I've heard people ask why they shouldn't use a single, unified partition, especially now that we have SSDs. While overwriting the disklabel(5) is not recommended and should be rare, it happens.
Separate partitions saved my bacon and my data.
Ah, you caught that? Yes, the partition was encrypted with softraid(4). Fortunately, softraid(4) details are stored in the parent partition. My script only overwrote the disklabel(5) of the inner, decrypted partition.
$ doas bioctl -i softraid0 Volume Status Size Device softraid0 0 Online 512105629696 sd1 CRYPTO 0% done 0 Online 512105629696 0:0.0 noencl <sd0a>
Had I nuked the disklabel(5) and softraid(4) details on sd0, the disk would've been a total loss. Unless you've done something really unique (like backing-up the softraid(4) info) there's no recovering the data.

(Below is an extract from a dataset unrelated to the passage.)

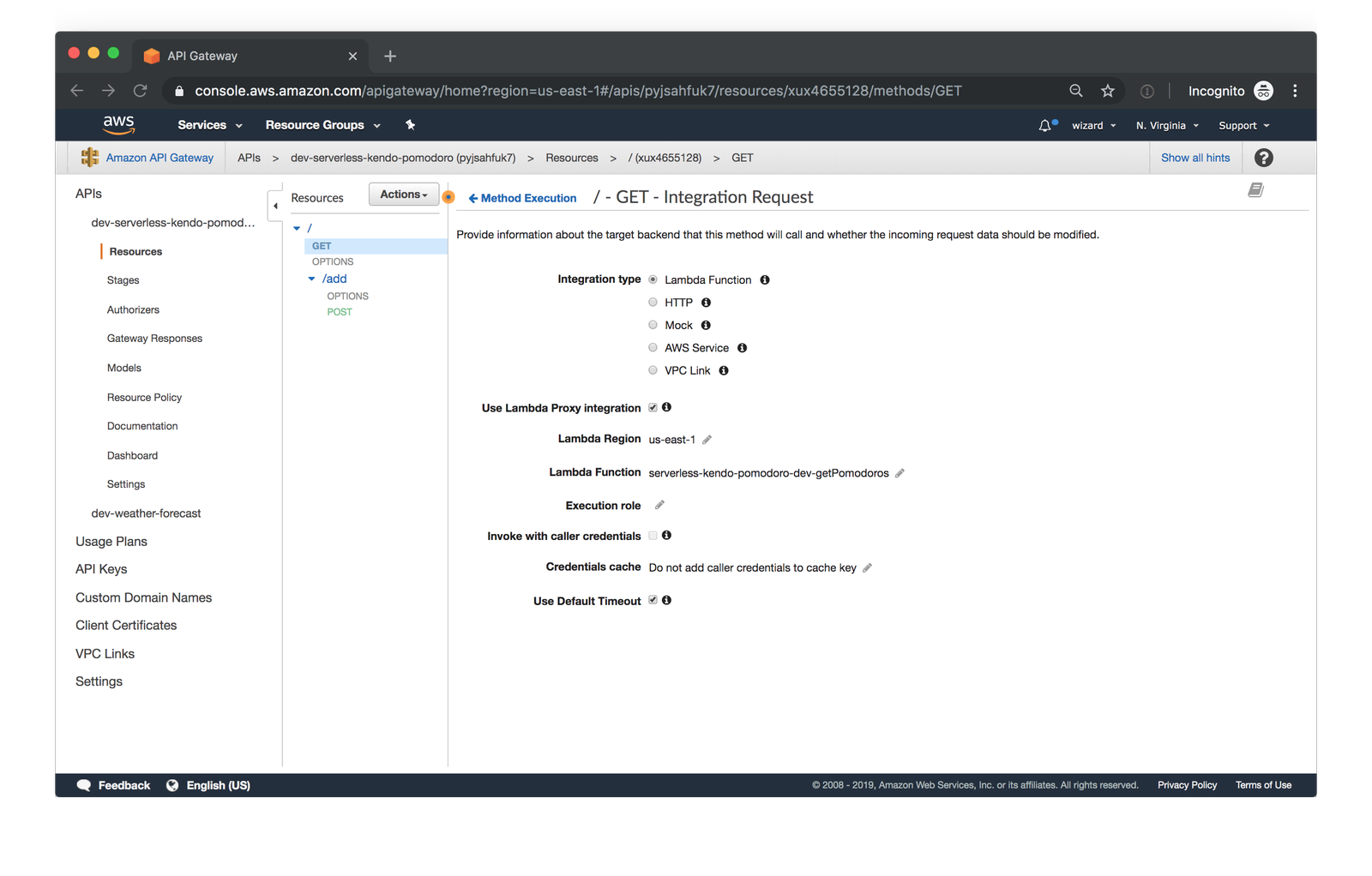 While the user interface is a good way to try out API Gateway, we recommend creating your API structure in code, for example, using the Serverless Framework’s built-in API Gateway event.

Don't nuke the disklabel(5) and don't lose the password!
RAIDframe(4) was removed from OpenBSD in 5.2 in favor of softraid(4).
You may have heard about that guy who recovered his OpenBSD crypto password. It's a true story (which you should read if you like technical spelunking).
The key details are:
- He didn't overwrite the disklabel(5)
- He didn't crack the crypto, he brute-forced decryption because he remembered a significant part of the password
What have we learned from this tale?
- backups, Backups, BACKUPS!
- Be careful with automation
- Use an OS with Sane Defaults
- When bad things happen, panic, but don't freak out
- Know your OS and its tools
- Read the base OS documentation
- backups, Backups, BACKUPS!
Due to using a well designed and implemented OS which I have taken the time to study, I was able to restore my data. Overwriting the disklabel(5) could have ended far worse than the loss of a few config files, some scripts and time.

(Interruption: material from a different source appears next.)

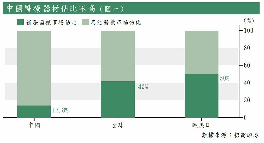 根據研究機構EvaluateMedTech的數據,全球去年醫療器械市場規模為4,250億美元,按年增速5.5%,其中美國佔全球市場約四成;而同期中國市場規模達到4,701億元(人民幣,下同),按年增12.6%,佔全球市場約12%。雖然增速不算太驚人,但在發達國家,醫療器械佔醫療消費約一半,而中國則僅為14%(見圖一)。即使中國醫療市場沒有增長,但若內地跟隨發達國家的發展趨勢,醫療器材的普及亦足以帶動行業增長。

There's some truth to the suggestion that these kind of near-miss disasters are valuable because they build skill and confidence. I wrote a blog post based on my experience that may help others in a similar situation.
Still, I'd rather have had a good backup to go to.
Yeah, I fixed the thumbdrive script and updated the backup system.
You can find the script and related Makefile on GitHub as OpenBSD Thumbdrive Utilities.
The images, heading links and most of the quotes and allusions above refer to the lyrics page at the OpenBSD site. Since version 3.0 the OpenBSD developers have released one or more songs with each system release, typically May and November.
Take a listen while you download the latest version.
During these hostile and trying times and what-not
OpenBSD may be your family's only line of defense